Moscow realizes that the war in Ukraine will end one way or another.He realizes that Ukraine is not his only means of expanding his influence.He realizes that under the current circumstances he needs to engage politically and economically as much as he can with countries with which he has good relations.Israel and the Palestinian territories are precisely such countries, and Russia continues to maintain dialogue with both accordingly.In fact, Russia’s relations with those regions are historical.After Israel reoriented its foreign policy toward the West during the Cold War, the Soviet Union supplied weapons to the Palestine Liberation Organization and trained its fighters in Soviet military educational institutions.They have kept in touch ever since.Its support for the Palestinian territories has strengthened its standing among other Middle Eastern countries, many of which have significantly increased their trade with Russia since the start of Western sanctions.

These countries include Iran and Algeria, which also need Russia’s economic support in these difficult economic times.What’s more, Islam is the second most popular religion in Russia, and many of its followers are in the North Caucasus, whose support the Kremlin needs to maintain stability in its southern fringes.Finally, there are about 2,000 Russian citizens throughout the official territory of the Palestinian Authority, including 1,200 in the Gaza Strip.This explains why President Vladimir Putin called for the establishment of a Palestinian state with East Jerusalem as its capital.However, Russia continues to maintain its relations with Israel.About 80,000 Jews live in Russia, and the Russian Jewish diaspora in Israel is also large.Israel was also one of the favorite destinations for Russians who fled the country after the invasion of Ukraine.

In 2022, more than 37,000 people fled to Israel from Russia, and in 2023, before immigration laws were tightened, the number of people leaving Russia for Israel rose significantly.In terms of foreign policy, Russia views Israel, a nuclear power, as a stabilizing factor in the Middle East and appreciates the fact that it abstains from the Western sanctions regime.Regarding the war with Hamas, Putin said that Israel is under unprecedented attack and has the right to defend its citizens.But perhaps the most convincing evidence of Russia’s lack of involvement in the war between Israel and Hamas is that Russia has not used this war to its advantage so far.No new attack has been carried out, and there is no indication that the army is on alert in case anything dramatic happens.

The only thing he did was try to position himself as a mediator in the conflict.In addition to calling for a ceasefire, Putin stressed the importance of diplomatic efforts to bring about a comprehensive, just and lasting peace in the Middle East, noting that any ground operation in Gaza would have serious consequences and civilian deaths.
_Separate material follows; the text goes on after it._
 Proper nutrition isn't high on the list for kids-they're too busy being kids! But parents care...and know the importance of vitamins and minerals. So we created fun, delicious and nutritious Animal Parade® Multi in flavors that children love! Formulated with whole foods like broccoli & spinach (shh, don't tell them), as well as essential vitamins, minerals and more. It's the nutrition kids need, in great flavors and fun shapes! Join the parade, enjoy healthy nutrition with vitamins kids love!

Russia knows that the Middle East is a much higher priority for the United States than Ukraine, and that Washington may be particularly interested in having someone else mediate so as not to be drawn into another regional conflict.Unlike Russia, the United States does not have much support in the Palestinian territories anyway.The Kremlin is already trying to figure out how to use its position to solve its problems, and there are already rumors of a possible dialogue between the United States and Russia.
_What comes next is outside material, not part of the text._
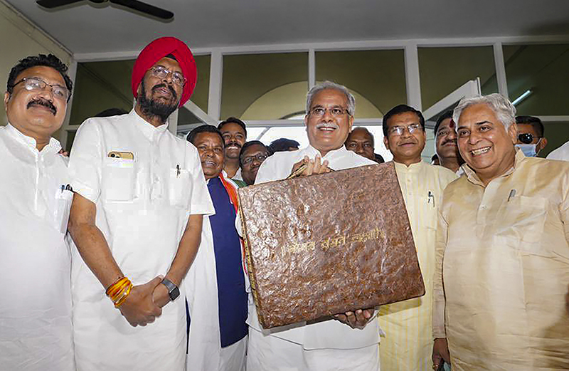 ರಾಜ್ಯ ಬಜೆಟ್ ಮಂಡನೆಗೆ ಸೆಗಣಿಯಿಂದ ತಯಾರಿಸಿದ ಬ್ರೀಫ್ ಕೇಸ್ ನೊಂದಿಗೆ ಆಗಮಿಸಿದ ಛತ್ತೀಸ್ಗಢ ಸಿಎಂ
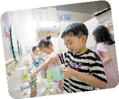 活动渐渐进入尾声,孩子们挤牙膏、拧毛巾,有条不紊地完成睡前洗漱工作,躺进睡了3年的小床。部分孩子由于刚才游戏的兴奋劲未过,还在跟同伴们开心地聊着。时间慢慢地流逝,孩子们的眼皮越来越沉,打个呵欠,翻个身,进入了梦乡。而老师们则一夜无眠,轮流守着孩子们,不时为他们掖掖被子,赶赶蚊子……

Last week, a working meeting of the five nuclear powers was held in New York with the participation of Russian representatives.For Russia, the benefits of mediation are twofold: it helps Moscow break out of its (relative) international isolation by working with partners it would not otherwise have done so, and it potentially helps prevent the war from escalating further or involving other states in the region.Russia enjoys lucrative economic, infrastructure and logistics partnerships.The real question is whether Moscow has enough time to seize this opportunity, given all the problems it is dealing with.The benefits are significant and inaction carries an opportunity cost.If the war expands to include Russia’s allies, it will be very difficult for Moscow to balance its forces in the Middle East, and Russia will lose momentum.